Forgive me for my ignorance. I have a very big list of data that I want to process. My script is working but very slow, therefore I want to switch to multiprocessing. In total my script has to run for ~30 days, but I want to speed up this process. My original script has been optimized, so that it appends the list during the looping. This is very useful as it allows me to turn of my computer when I need to. I will give a random working example to reproduce the problem. Be careful with the following piece of code as it might slow down your computer. The idea is to stop the following code somewhere whilst running.
from joblib import Parallel, delayed
import multiprocessing
from tqdm import tqdm
num_cores = multiprocessing.cpu_count()
Crazy_long_list=list(range(0,10000000,1))
def get_data(i):
return ((i * 2),(i/2))
normal_output=[]
# Without parallel processing
for i in Crazy_long_list:
normal_output.append(get_data(i))
When this script is stopped at any point, the appended list remains. Therefore I can save the desired_output to .csv, and the next day, load it in, and run the script further from where I ended. You can test this by running the part of code and stopping it at a random moment. The data should be saved.

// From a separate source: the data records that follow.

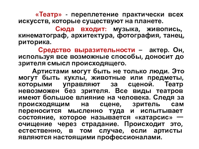 Слайд 2 «Театр» - переплетение практически всех искусств, которые существуют
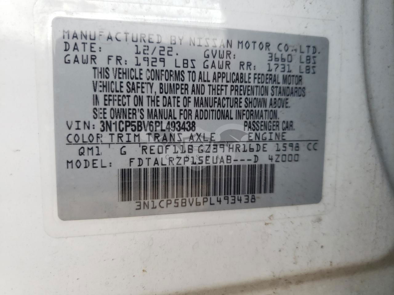 • VIN: 3N1CP5BV6PL493438
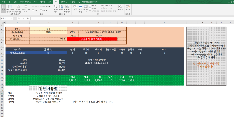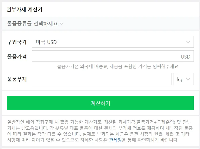 - 계산하기 버튼 클릭 : 모든 정보를 입력한 후 "계산하기" 버튼을 클릭하면 관부가세가 자동으로 계산됩니다.
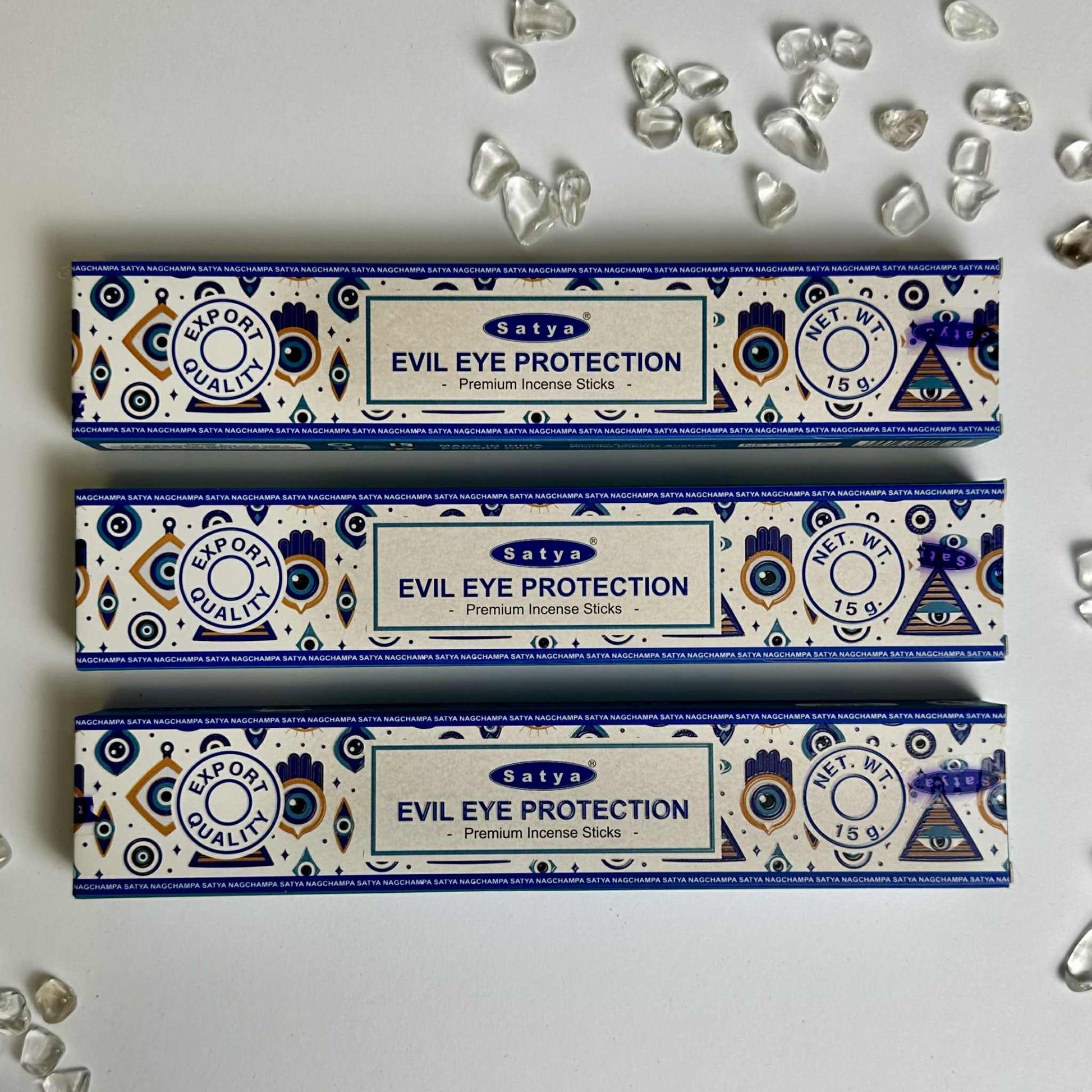 Satya Evil Eye Protection Incense is a traditional Indian masala incense, often featuring a floral, oriental, and musky scent, crafted to create a protective atmosphere and shield against negative energies. Used for spiritual cleansing, meditation, and inviting positivity, the hand-rolled sticks are designed to purify a space and foster a sense of safety.

print(normal_output[0:10])
[(0, 0.0),
(2, 0.5),
(4, 1.0),
(6, 1.5),
(8, 2.0),
(10, 2.5),
(12, 3.0),
(14, 3.5),
(16, 4.0),
(18, 4.5)]
My approach to do this in parallel would look something like this:
parallel_data=[]
parallel_data=Parallel(n_jobs=num_cores, verbose=50)(delayed(get_data)(i)for i in tqdm(Crazy_long_list))
Unfortunately, when I stop the script after running for a while, there is no data found in the parallel_data list. It seems to only work, when the entire list has run through. Who can help me here??
print(parallel_data)
[]